Выбрать главу

Но в мире есть иные области,

Луной мучительной томимы.

Для высшей силы, высшей доблести

Они вовек [навек] недостижимы.

Это — иллюстрация к какому-нибудь лавкрафтовскому пейзажу. То есть вдруг оказалось, что в мире по-прежнему есть место тайне, но эта тайна уже не географическая, это не поиск какого-нибудь пролива между океанами, не поиск Америки. Тайной оказался человек, тайной оказался туземец. Вот Грин, Конрад — они очень в этом смысле близки. И Лавкрафт — третий с ними. Они и внешне были все очень похожи.

Кстати, к вопросу о неоромантизме. Я думаю, что сейчас этот конкистадорский дух может вернуться. Ну, сейчас уже арабский мир оказался в центре этого дела. Думаю, что Африка просыпается, и какой-то интерес к Африке будет вспыхивать сейчас заново. То есть вопрос: какой человек в ближайшее время будет тайной? Ясно, что это будет человек Востока.
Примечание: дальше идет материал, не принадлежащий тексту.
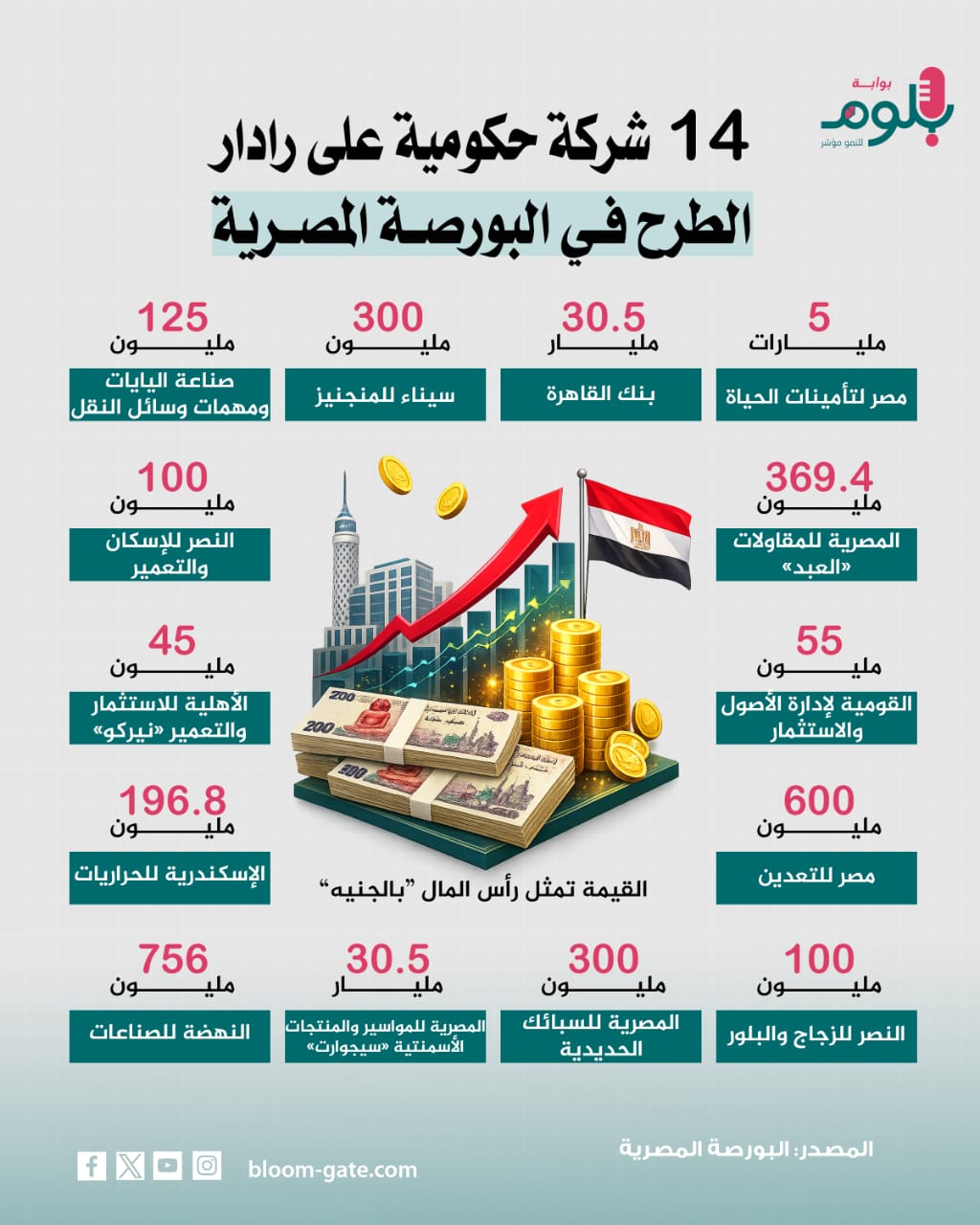شهدت الأيام الأخيرة قيد 6 شركات حكومية جديدة بالبورصة، فضلاً عن تلقي طلبات بقيد 6 شركات أخرى قيدًا مؤقتًا، بهدف تجهيزها لطرح أسهمها بما يسهم في زيادة وتعميق رأس المال السوقي للبورصة، وتنمية معدلات السيولة وقيم التداول، إلى جانب جذب الاستثمارات، وترصد القائمة التالية الشركات الجاري تجهيزها للقيد والطرح ورأسمال كل منها.

«Стихотворение Анненского «Петербург» мрачно и пессимистично. Поэт говорит страшные вещи о граде Петра и о самом царе. Неужели он прав, и от созданного Петром остаётся «сознанье проклятой ошибки» и «отрава бесплодных хотений»?
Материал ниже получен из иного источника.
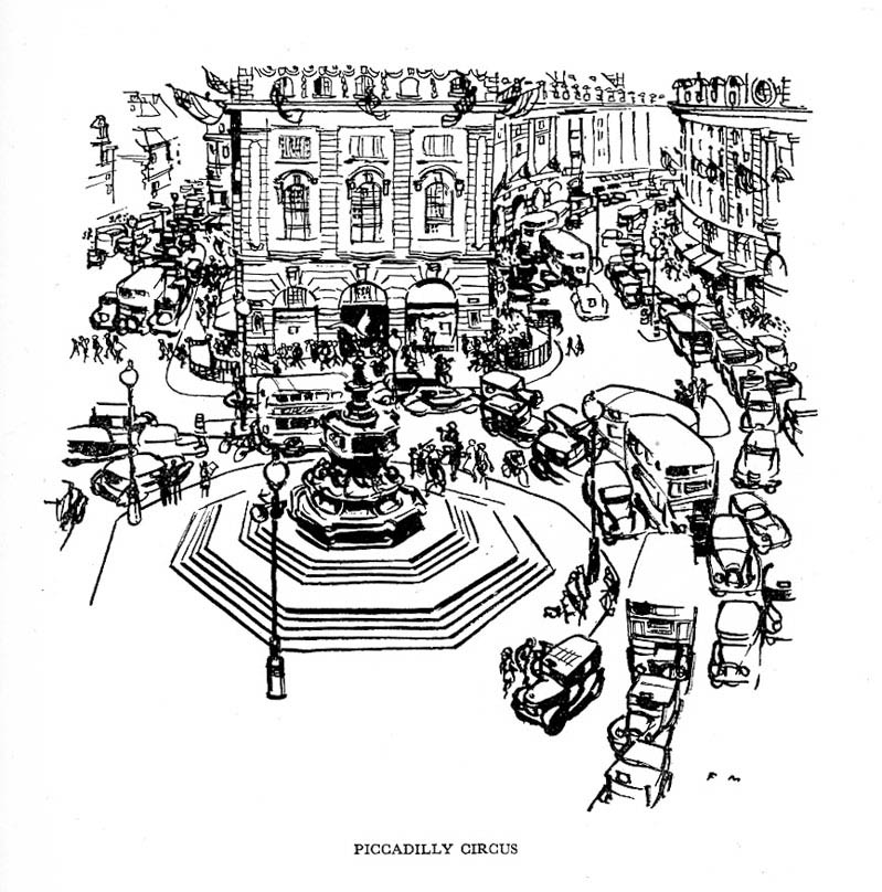 Drawing by William Francis Marshall of Piccadilly Circus, lifted from 'An Englishman in New York'.

Ну, почему так? Анненский — вообще поэт довольно мрачный. Вспомните «То было на Валлен-Коски» или «Старых чухонок [эстонок]». Он, вообще-то, утешения не предлагает. Как сам он это называл, это «песни бессонной совести», страдания. Поэтому и эти его «трилистники» знаменитые. Но «Петербург» — не такое уж и мрачное произведение.
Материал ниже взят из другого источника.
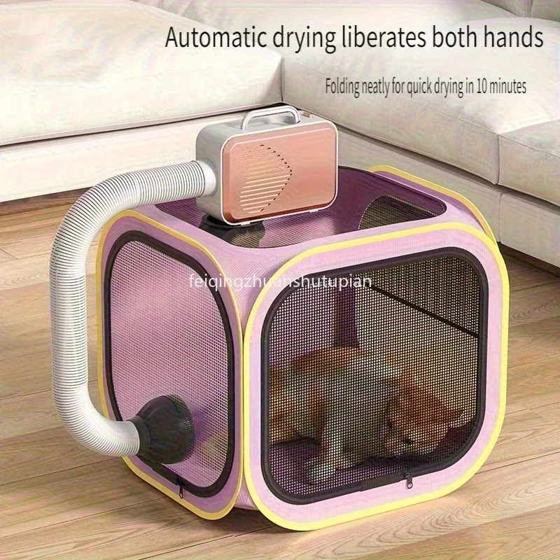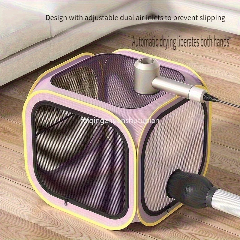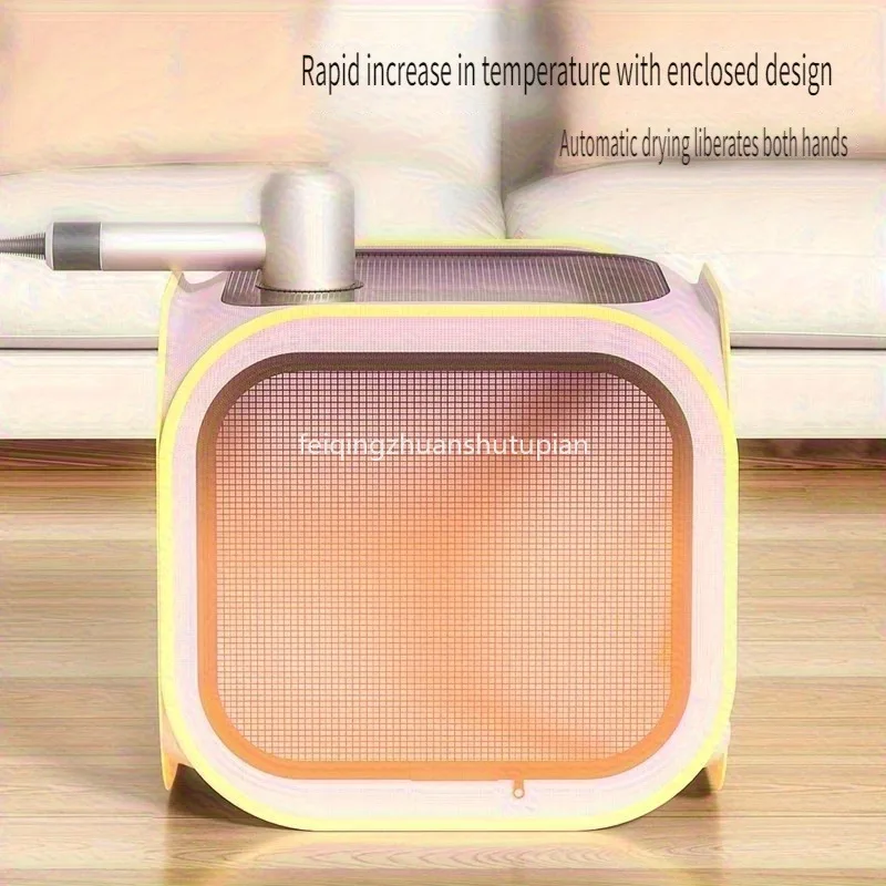 Transform pet grooming with this innovative folded drying box designed for cats and small pets. The enclosed design contains moisture and heat efficiently while your pet dries, reducing stress compared to traditional blow-dryers. Features a compact, foldable structure for convenient storage and portability. The mesh panels provide visibility and airflow, ensuring your pet stays comfortable throughout the drying process. Perfect for post-bath grooming or quick touch-ups at home. Simply unfold, place your pet inside, and activate the drying function for hands-free convenience. An essential tool for pet owners seeking a safer, quieter alternative to standard blow-drying methods.

Жёлтый пар петербургской зимы,

Жёлтый пар, окаймляющий [снег, облипающий] плиты…

Я не знаю [мы не знаем], где вы и где мы,

Только знаю [знаем], что крепко мы слиты.

Кто эти «вы» и «мы»? Это ощущение исторической преемственности. Это же обращено к людям XIX века. Да, конечно, русская государственность — это прежде всего «пустыни немых площадей, где казнили людей до рассвета». Но есть в этом и другое. Есть в этом, конечно, и упоение стройностью, державностью, пушкинской гармонией Петербурга. Он только одно очень точно предсказал. И действительно я согласен с Кушнером (да и с Ахматовой), что из Анненского и выросла вся лирика XX века, включая даже Маяковского, даже Хлебникова. Он действительно предсказал главное:

Царь змеи раздавить не сумел,

И кольчатая [прижатая] стала наш идол.

Что имеется в виду? Какую змею он не сумел раздавить? Вот это вопрос гораздо более серьёзный. Потому что, как мне кажется, главное искушение, которое касается уже не русской государственности (как раз Пётр борется с этим), главное искушение России — это самоненависть, взаимная ненависть. И эта ненависть, символизируемая змеёй, и стала нашим главным соблазном, нашим идолом. Пётр, повернув Россию к Западу, европеизировав её, всё-таки не сумел этой змеи раздавить, этого русского ада он не победил. Вот Брюсову казалось, например, что Пётр победил:

Сменяясь, вставали [шумели] вокруг поколенья,

Вставали дома, как посевы твои…

Твой конь попирал с беспощадностью звенья

Бессильно под ним изогнутой змеи.

А вот Анненскому кажется, что он не попрал эту змею, что эта змея Петру не покорилась. И, строго говоря, вся история России — это история нашего нового Георгия, история Петра, который пытается победить змею. И эта змея — это не измена, а это та изначальная какая-то сущность злобы, предательства, которая живёт просто в морали, которая и делает эту русскую мораль такой амбивалентной. Если бы Петру удалось эту змею изначальной какой-то злобой побороть, рациональным умом, то, может быть, всё получилось бы. Но я, кстати говоря, думаю, что в конце концов Пётр оказывается всё более прав, а змея доживает всё-таки последний век. Мне кажется, что уже хватит.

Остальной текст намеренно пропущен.